## DESCRIPTION OF THE TASK:
For this exercise, copy exactly the lines below from the one with "Dazzling Straps Sleeveless" through the one with "从技术上看,确实有筑底反弹的" and leave out the pictures.

━━━━━ DATASET EXTRACT ━━━━━

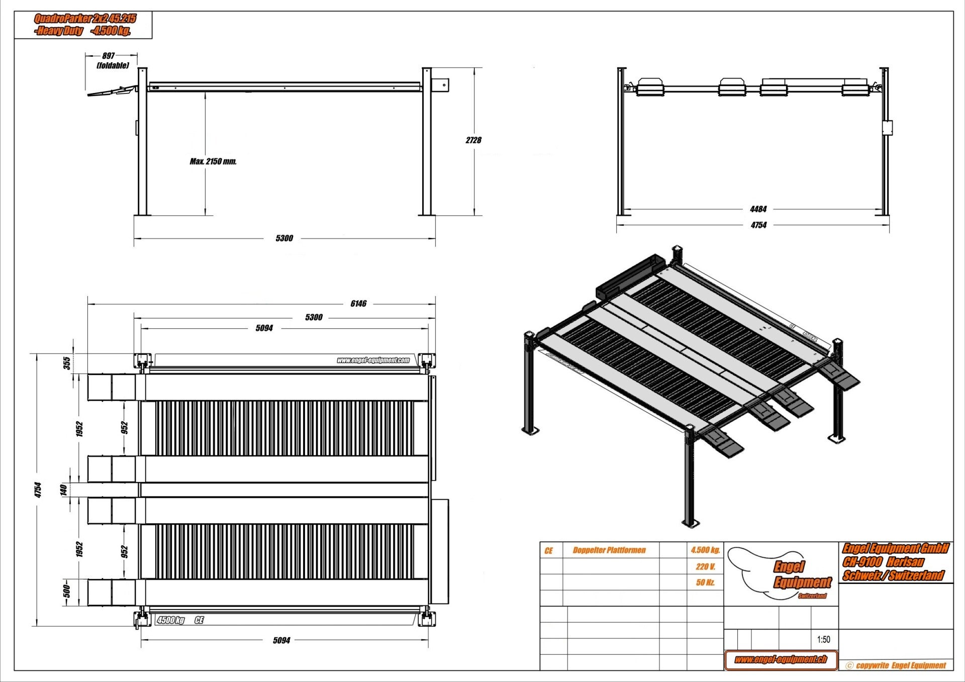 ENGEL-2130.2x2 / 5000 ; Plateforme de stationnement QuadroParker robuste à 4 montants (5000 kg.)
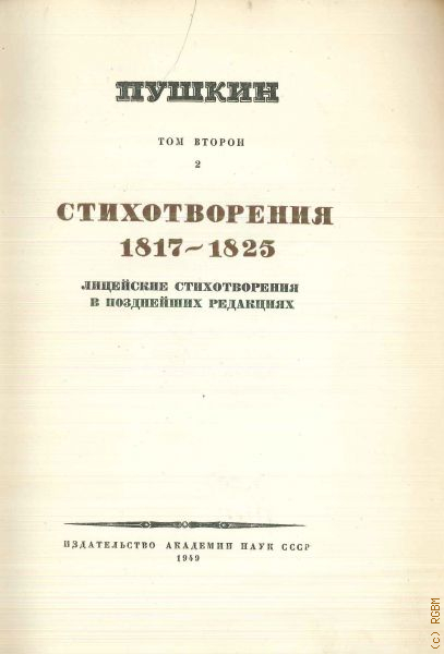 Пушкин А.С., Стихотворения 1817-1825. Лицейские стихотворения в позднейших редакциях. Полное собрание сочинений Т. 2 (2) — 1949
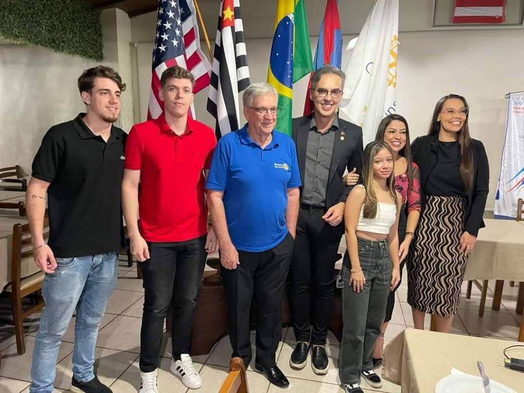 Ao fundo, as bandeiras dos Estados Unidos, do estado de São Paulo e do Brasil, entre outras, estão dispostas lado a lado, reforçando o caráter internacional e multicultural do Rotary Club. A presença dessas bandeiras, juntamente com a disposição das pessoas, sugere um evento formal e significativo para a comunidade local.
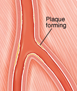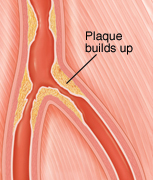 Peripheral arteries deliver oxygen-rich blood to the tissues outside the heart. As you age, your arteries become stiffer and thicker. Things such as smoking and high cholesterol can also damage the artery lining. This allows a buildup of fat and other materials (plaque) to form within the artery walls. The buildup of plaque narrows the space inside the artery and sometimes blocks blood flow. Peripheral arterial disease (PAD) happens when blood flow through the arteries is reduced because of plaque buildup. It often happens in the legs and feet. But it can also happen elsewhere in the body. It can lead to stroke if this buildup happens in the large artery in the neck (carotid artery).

━━━━━
━━━━━ DATASET EXTRACT ━━━━━

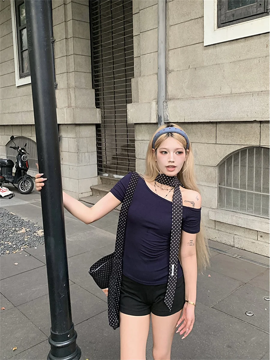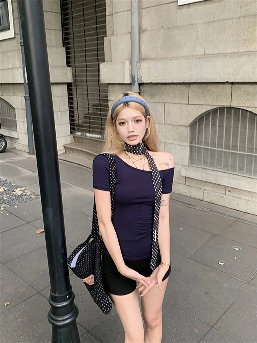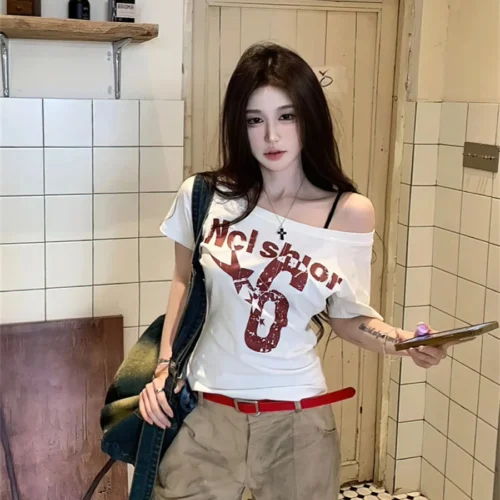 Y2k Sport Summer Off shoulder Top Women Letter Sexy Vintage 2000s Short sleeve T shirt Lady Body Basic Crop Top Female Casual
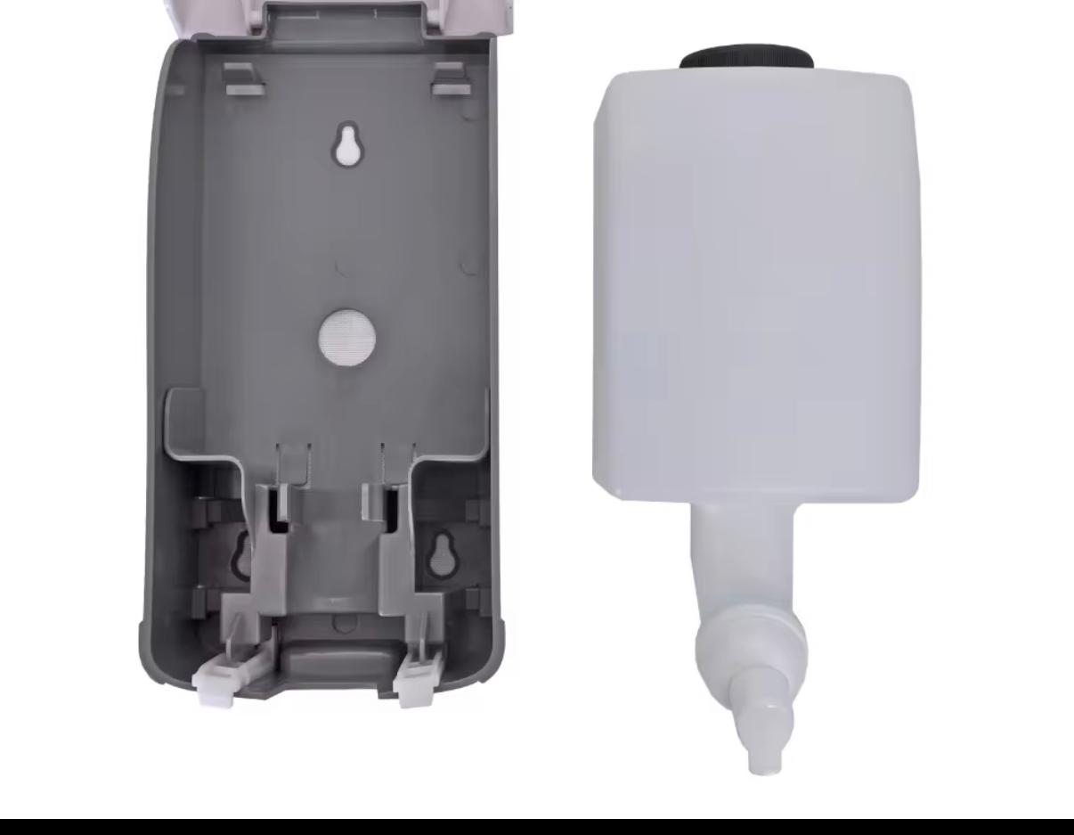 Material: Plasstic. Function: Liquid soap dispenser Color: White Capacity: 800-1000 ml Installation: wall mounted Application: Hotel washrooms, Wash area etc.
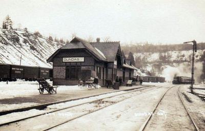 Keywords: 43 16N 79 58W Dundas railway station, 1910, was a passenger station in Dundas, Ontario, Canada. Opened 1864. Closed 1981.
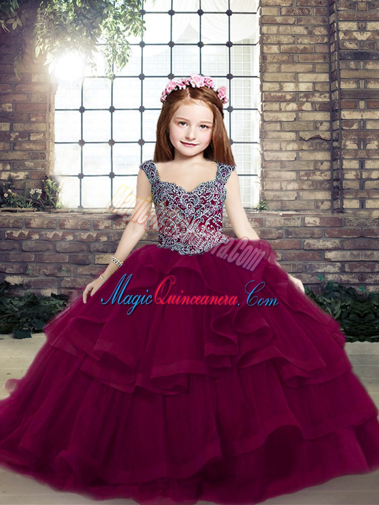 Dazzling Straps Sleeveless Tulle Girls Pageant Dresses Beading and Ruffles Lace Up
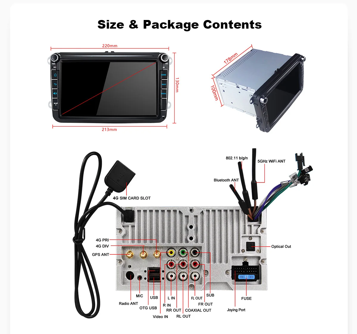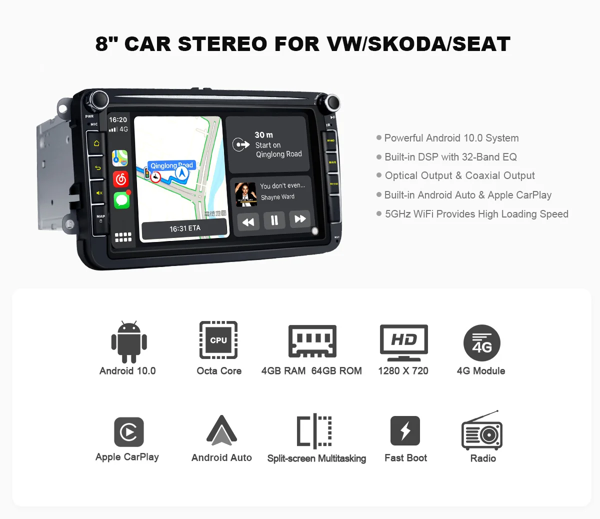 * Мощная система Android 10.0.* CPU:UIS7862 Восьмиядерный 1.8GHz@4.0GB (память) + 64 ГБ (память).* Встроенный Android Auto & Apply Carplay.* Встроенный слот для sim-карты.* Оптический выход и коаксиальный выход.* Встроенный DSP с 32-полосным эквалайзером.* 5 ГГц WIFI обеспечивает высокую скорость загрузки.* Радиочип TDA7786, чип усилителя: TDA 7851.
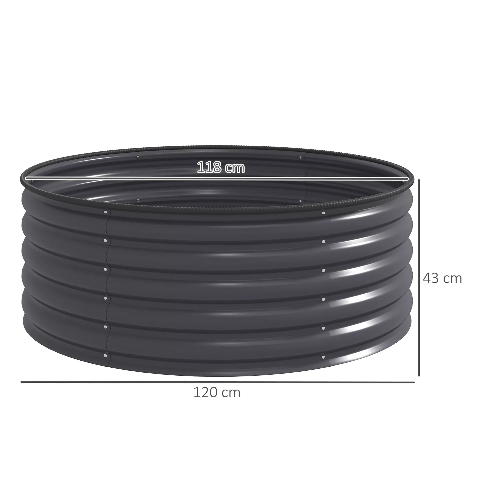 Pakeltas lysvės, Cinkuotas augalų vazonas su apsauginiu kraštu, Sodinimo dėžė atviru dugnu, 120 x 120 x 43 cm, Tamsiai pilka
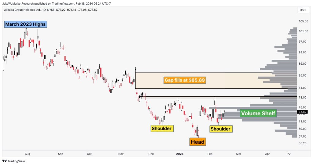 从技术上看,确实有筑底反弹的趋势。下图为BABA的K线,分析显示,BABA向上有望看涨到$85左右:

━━━━━

## YOUR RESPONSE:
 Dazzling Straps Sleeveless Tulle Girls Pageant Dresses Beading and Ruffles Lace Up
 * Мощная система Android 10.0.* CPU:UIS7862 Восьмиядерный 1.8GHz@4.0GB (память) + 64 ГБ (память).* Встроенный Android Auto & Apply Carplay.* Встроенный слот для sim-карты.* Оптический выход и коаксиальный выход.* Встроенный DSP с 32-полосным эквалайзером.* 5 ГГц WIFI обеспечивает высокую скорость загрузки.* Радиочип TDA7786, чип усилителя: TDA 7851.
 Pakeltas lysvės, Cinkuotas augalų vazonas su apsauginiu kraštu, Sodinimo dėžė atviru dugnu, 120 x 120 x 43 cm, Tamsiai pilka
 从技术上看,确实有筑底反弹的趋势。下图为BABA的K线,分析显示,BABA向上有望看涨到$85左右:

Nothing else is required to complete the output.